Am Boden sind diese Stoffe ungefährlich. Sie haben allerdings eine Lebensdauer bis zu 100 Jahren und gelangen nach sieben bis zehn Jahren hinauf in die Stratosphäre, wo sie durch die ultraviolette Strahlung zerlegt werden. Das freiwerdende Chlor zerstört das für uns lebenswichtige Ozon.

Ein regelrechtes „I^och” entdeckten Anfang der siebziger Jahre Wissenschaftler über der Antarktis. Satel-litenmeßungen der NASA zeigten, daß dieses Loch im Oktober weit über den antarktischen Kontinent hinausreicht. Danach schließt es sich wieder.

Die FCKW-Produktion wurde zwar in vielen Ländern mittlerweile verboten, die Gefahr ist durch die lange Lebensdauer der Schadstoffe in der Atmosphäre aber noch immer nicht gebannt.

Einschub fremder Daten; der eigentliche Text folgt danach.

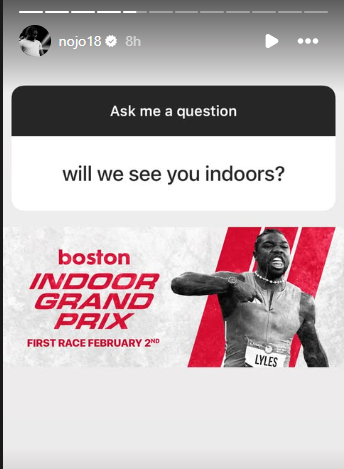 Lyles response - Shared a design of being at the Boston Indoor Grand Prix on February 2nd - His first race of the season.

Das hat jetzt auch die Wissenschaft herausgefordert. Mit Laser-Satelliten sei es möglich, das Ozonloch vom All aus zu stopfen, heißt es. Andere Pläne zielen auf das Versprühen von Chemikalien ab, um den „Ozonkiller” Chlor zu binden (siehe nebenstehende Beitrag und Seite 17).